The Morning After Blog: Started From The Bottom Now We Here

Sayo-friggin-nara, regular season. It’s time to shave those beards and buckle up for the long spring. Brace yourself, playoffs: the Oilers are coming.

Let’s just get this out of the way:

Start mentally preparing. National write-off day on Thursday, followed by the NHL almost psychotically giving the Oilers a game on a holiday Friday. Mother of God. Update your emergency contact lists, Edmonton. We’re going to the goddamn playoffs!!

1st Period

My good buddy Dick Bachman started in goal for Vancouver to close out their regular season. It didn’t start well.
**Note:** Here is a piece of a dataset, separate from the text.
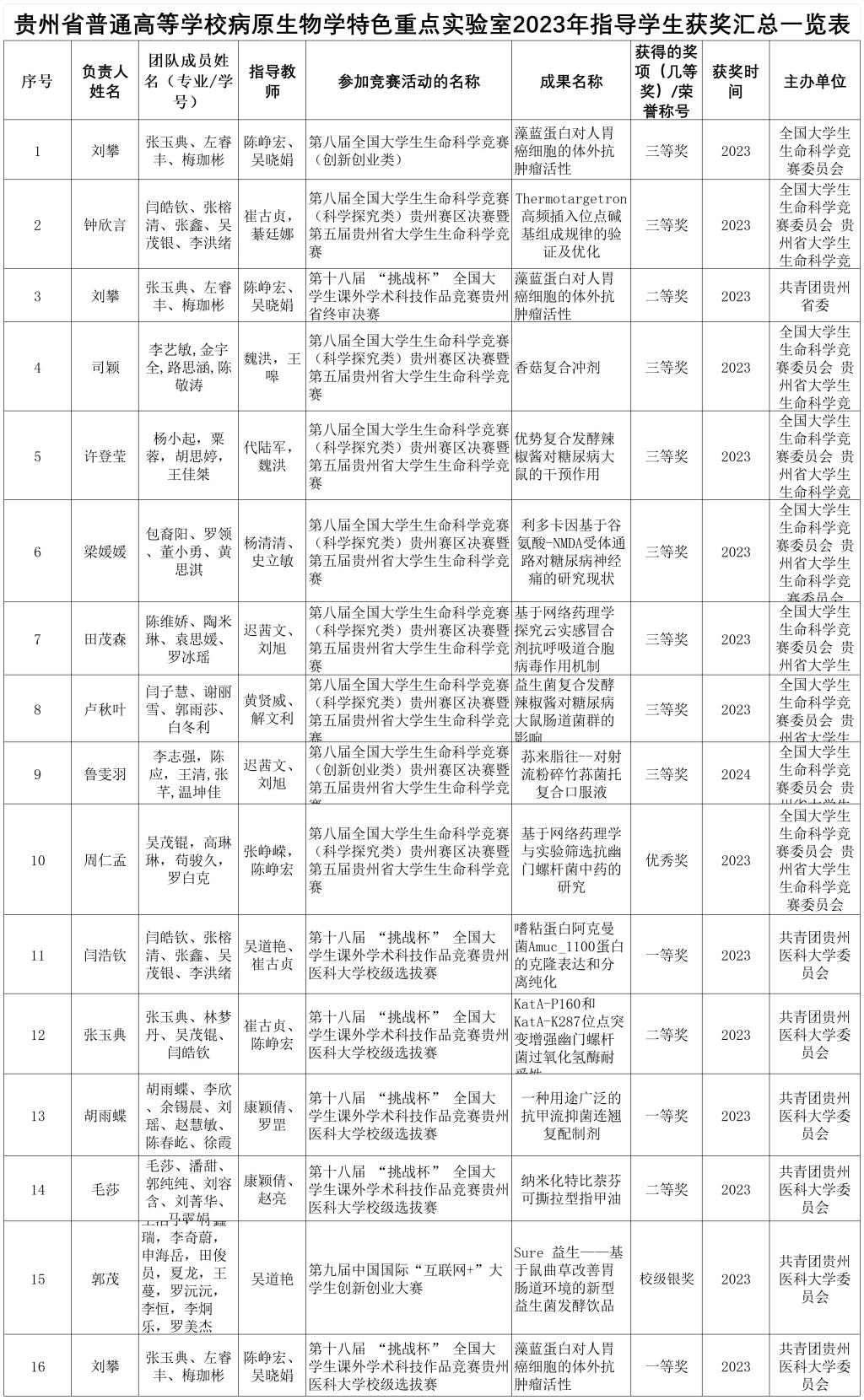 贵州省普通高等公司病原生物学特色重点实验室2023年度指导员工获奖汇总一览表

Jordan Eberle from not even on your screen gets the boys on the board first on a shot-pass-that-was-actually-definitely-a-pass right off the life of career healthy scratch Luca Sbisa. This was the beginning of what would be a viciously cruel night for the Sbisa family.

Jordan’s only scored goals in three of his last 17 games but oh boy he has four in his last two. Heating up just in time to clobber the Sharks.

And it wouldn’t be a period of Oilers hockey without Connor nearly putting multiple players into retirement:

Dadddddddddddyyyyyy stopppppppppp. He didn’t score but that didn’t stop us from doing all the McBoners.

And if you look closely, that’s Luca Sbisa being left in the dust.

1-0 Oilers


2nd Period

Vancouver scored to open the period. Nobody cared.

Jordan Eberle put the Oilers back on top with this disgusting thing of disgustingness.

Rookie sensation Brock Boeser with the seeing-eye pass right on J-Ebs’ tape, who proceeded to fire it by both Dick Bachman and Luca Sbisa and into the ‘Nucks net. Vintage Jordan Eberle. Textbook Luca Sbisa.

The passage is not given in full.